--- About this task ---
A verbatim transcript of the data below is required, images omitted.

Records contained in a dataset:
* * * * * * * * *

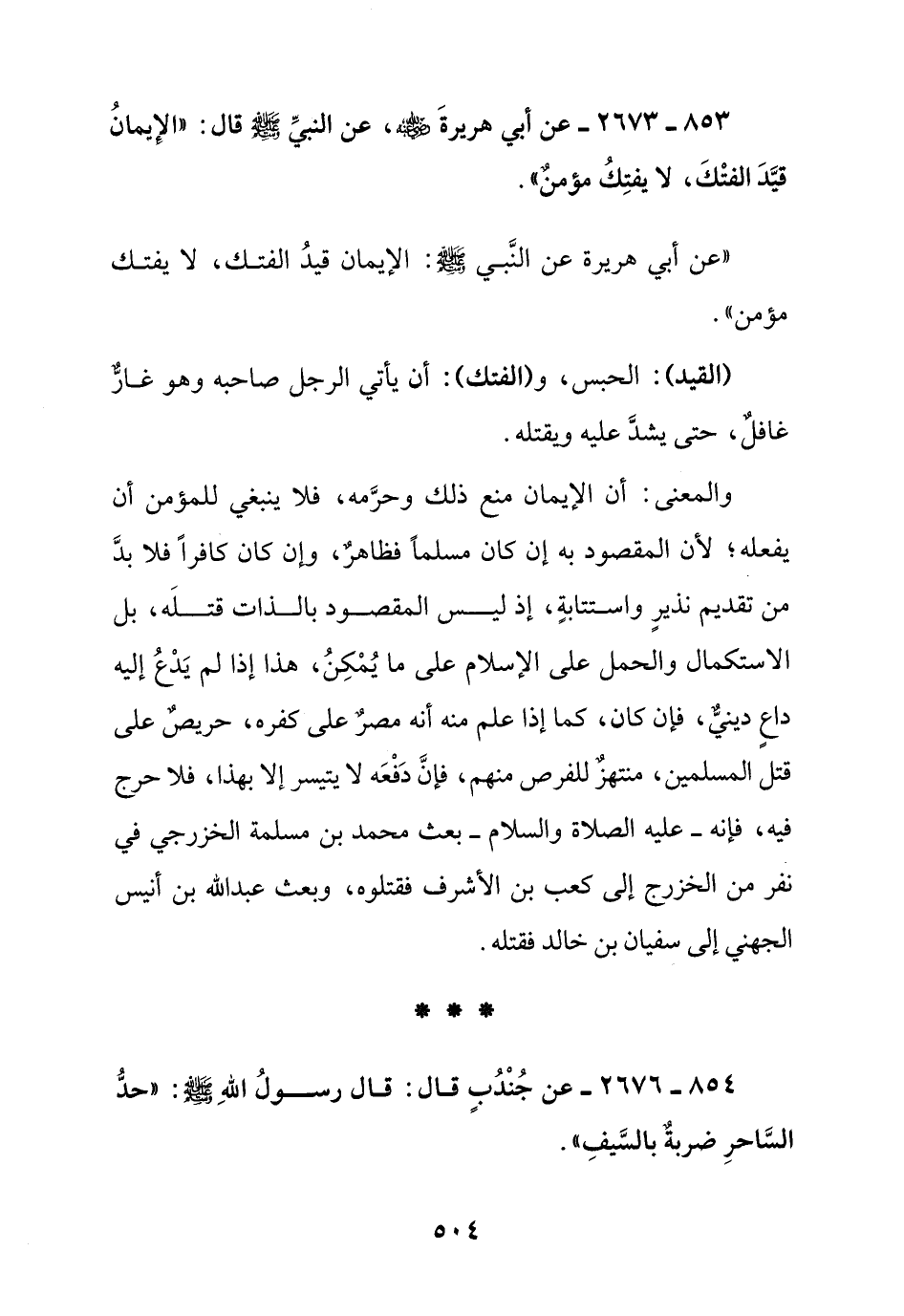 854 – 2676 – عن جندب قال: قال رسول الله صلى الله عليه وسلم: "حد الساحر ضربة بالسيف".
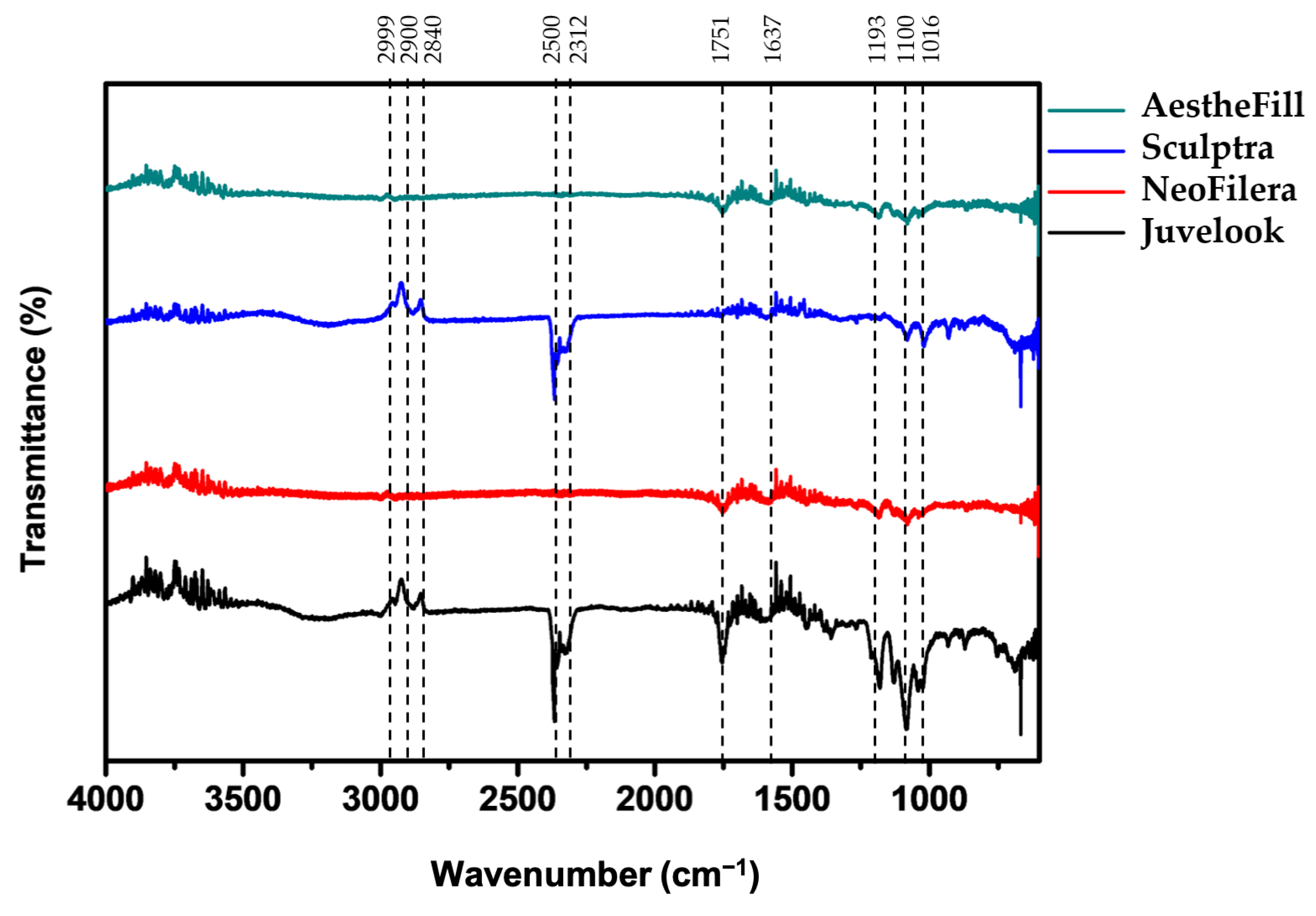 3.1. Functional Group Profiles of All Dermal Fillers Are Largely Similar
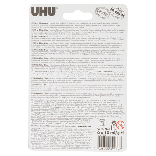 Beschreibung:Hauptmerkmale Funktionen Werkstoff Trocken Klebertyp Klebestift Inhalt 10 ml Für Materialien geeignet Pappe, Stoff, Glas, Papier, Kunststoff, Holz Glitter Ja Farbe des Glitters Blau, Grün, Orange, Pink, Violett, Gelb Trocknungszeit 12 h Lösemittelfrei Ja Abwaschbar Ja Dermatologisch getestet Ja Logistikdaten Menge pro Versandkarton 12 Stück(e) Verpackungsinhalt Menge pro Packung 6 Stück(e) Anzahl der Pakete 1 Verpackungsinformation Verpackungsart Sichtverpackung
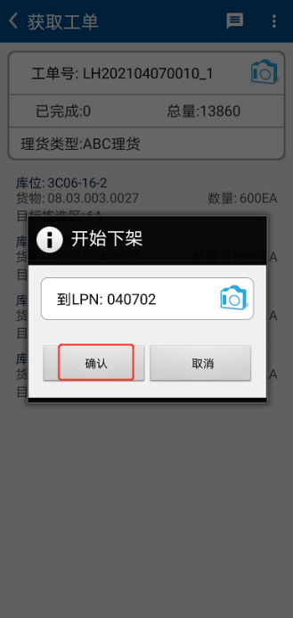 首先,在RF终端【WMS】的【获取工单】界面,点击首行明细,在【开始下架】界面【到LPN】处扫描LPN条码,点击【确认】。(图2.3.15、图2.3.16)
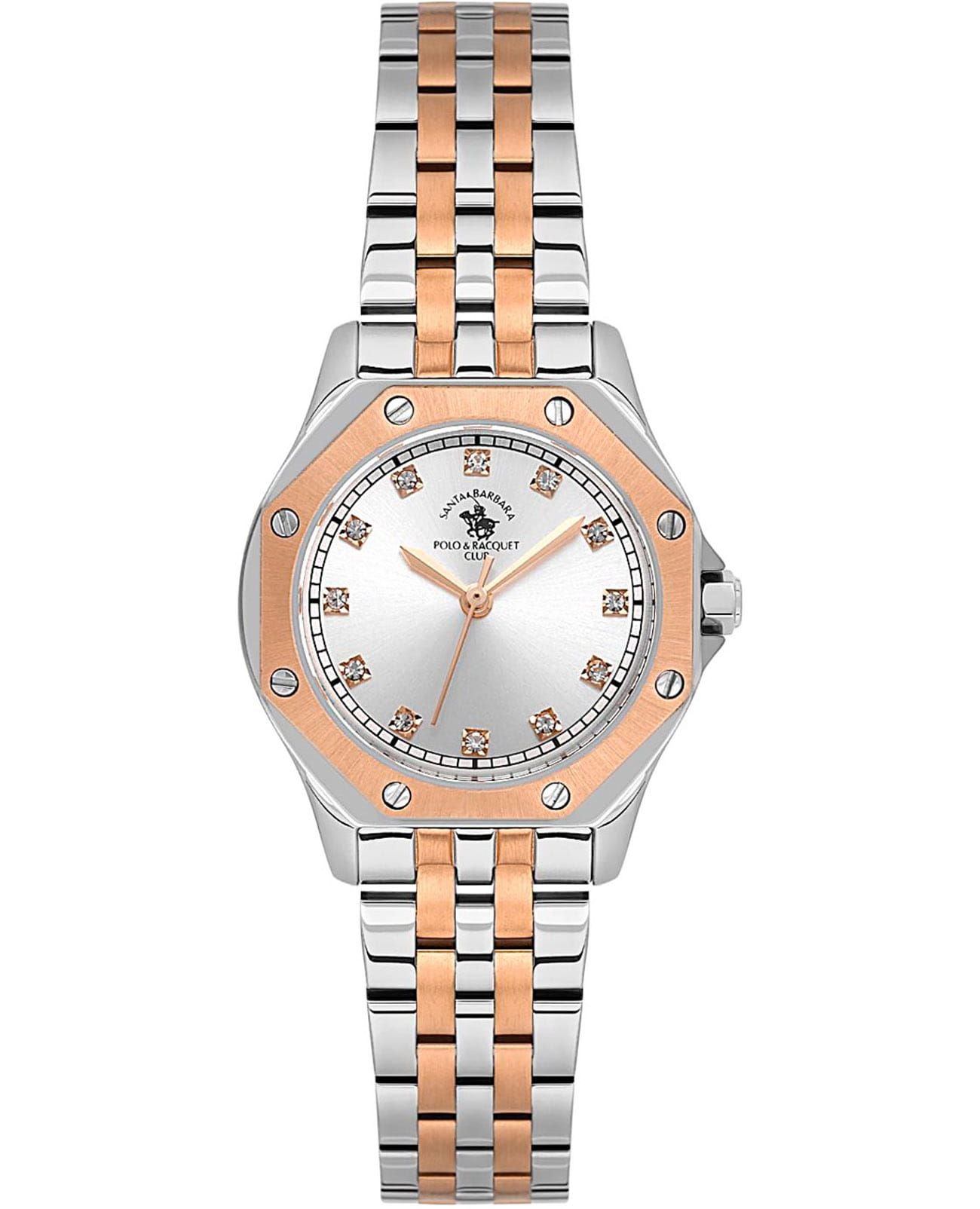Женские кварцевые часы Santa Barbara Polo & Racquet Club — это изысканный и стильный аксессуар. Корпус диаметром 27 мм выполнен из стали 316L. БезельБезельВнешний ободок, закрепляющий стекло. В спортивных часах так называется поворотное кольцо с делениями на циферблате, выполняет роль таймера – замеряет отрезки времени на шкале. Неподвижный безель – элемент декора. Однонаправленно вращающийся безель на дайверских часах позволяет фиксировать моменты погружения и выныривания на поверхность. с частичным IP-покрытиемIP-покрытиеМетод ионного напыления. Демонстрирует повышенную устойчивость к истиранию, окислению и химическим веществам. Под воздействием высокого давления и температуры около 1500°C молекулы металла надёжно соединяются с частицами корпуса часов. накладной, с матовой обработкой и декоративными болтами. Циферблат серебристого цвета выполнен по технологии Sunray («солнечные лучи») и оформлен точками, инкрустированными кристаллами, и мечевидными стрелками в стиле Sword. Циферблат защищён минеральным стекломМинеральное стеклоМинеральное стекло представляет собой искусственно выращенный минерал кварца. Такое стекло отличается особой устойчивостью к повреждениям и царапинам. Уступает по некоторым качествам сапфировому стеклу.. Механизм — японское кварцевое движение калибра Seiko TMI VJ21C1. Заводная головка выполнена в форме болта с защитой. Часы оснащены стальным браслетом с частичным IP-покрытиемIP-покрытиеМетод ионного напыления. Демонстрирует повышенную устойчивость к истиранию, окислению и химическим веществам. Под воздействием высокого давления и температуры около 1500°C молекулы металла надёжно соединяются с частицами корпуса часов. на застёжке «бабочка» с кнопкамиЗастёжка "бабочка"Такой вид застёжки дополняется предохранителями, помогающими избежать случайного раскрытия браслета. Обладают изящным исполнением. . Водонепроницаемость 50 м позволяет использовать часы в повседневных условиях. Идеальный выбор для тех, кто ценит американское качество и современный дизайн.

* * * * * * * * *

--- Answer to this exercise ---
 854 – 2676 – عن جندب قال: قال رسول الله صلى الله عليه وسلم: "حد الساحر ضربة بالسيف".
 3.1. Functional Group Profiles of All Dermal Fillers Are Largely Similar
 Beschreibung:Hauptmerkmale Funktionen Werkstoff Trocken Klebertyp Klebestift Inhalt 10 ml Für Materialien geeignet Pappe, Stoff, Glas, Papier, Kunststoff, Holz Glitter Ja Farbe des Glitters Blau, Grün, Orange, Pink, Violett, Gelb Trocknungszeit 12 h Lösemittelfrei Ja Abwaschbar Ja Dermatologisch getestet Ja Logistikdaten Menge pro Versandkarton 12 Stück(e) Verpackungsinhalt Menge pro Packung 6 Stück(e) Anzahl der Pakete 1 Verpackungsinformation Verpackungsart Sichtverpackung
 首先,在RF终端【WMS】的【获取工单】界面,点击首行明细,在【开始下架】界面【到LPN】处扫描LPN条码,点击【确认】。(图2.3.15、图2.3.16)
Женские кварцевые часы Santa Barbara Polo & Racquet Club — это изысканный и стильный аксессуар. Корпус диаметром 27 мм выполнен из стали 316L. БезельБезельВнешний ободок, закрепляющий стекло. В спортивных часах так называется поворотное кольцо с делениями на циферблате, выполняет роль таймера – замеряет отрезки времени на шкале. Неподвижный безель – элемент декора. Однонаправленно вращающийся безель на дайверских часах позволяет фиксировать моменты погружения и выныривания на поверхность. с частичным IP-покрытиемIP-покрытиеМетод ионного напыления. Демонстрирует повышенную устойчивость к истиранию, окислению и химическим веществам. Под воздействием высокого давления и температуры около 1500°C молекулы металла надёжно соединяются с частицами корпуса часов. накладной, с матовой обработкой и декоративными болтами. Циферблат серебристого цвета выполнен по технологии Sunray («солнечные лучи») и оформлен точками, инкрустированными кристаллами, и мечевидными стрелками в стиле Sword. Циферблат защищён минеральным стекломМинеральное стеклоМинеральное стекло представляет собой искусственно выращенный минерал кварца. Такое стекло отличается особой устойчивостью к повреждениям и царапинам. Уступает по некоторым качествам сапфировому стеклу.. Механизм — японское кварцевое движение калибра Seiko TMI VJ21C1. Заводная головка выполнена в форме болта с защитой. Часы оснащены стальным браслетом с частичным IP-покрытиемIP-покрытиеМетод ионного напыления. Демонстрирует повышенную устойчивость к истиранию, окислению и химическим веществам. Под воздействием высокого давления и температуры около 1500°C молекулы металла надёжно соединяются с частицами корпуса часов. на застёжке «бабочка» с кнопкамиЗастёжка "бабочка"Такой вид застёжки дополняется предохранителями, помогающими избежать случайного раскрытия браслета. Обладают изящным исполнением. . Водонепроницаемость 50 м позволяет использовать часы в повседневных условиях. Идеальный выбор для тех, кто ценит американское качество и современный дизайн.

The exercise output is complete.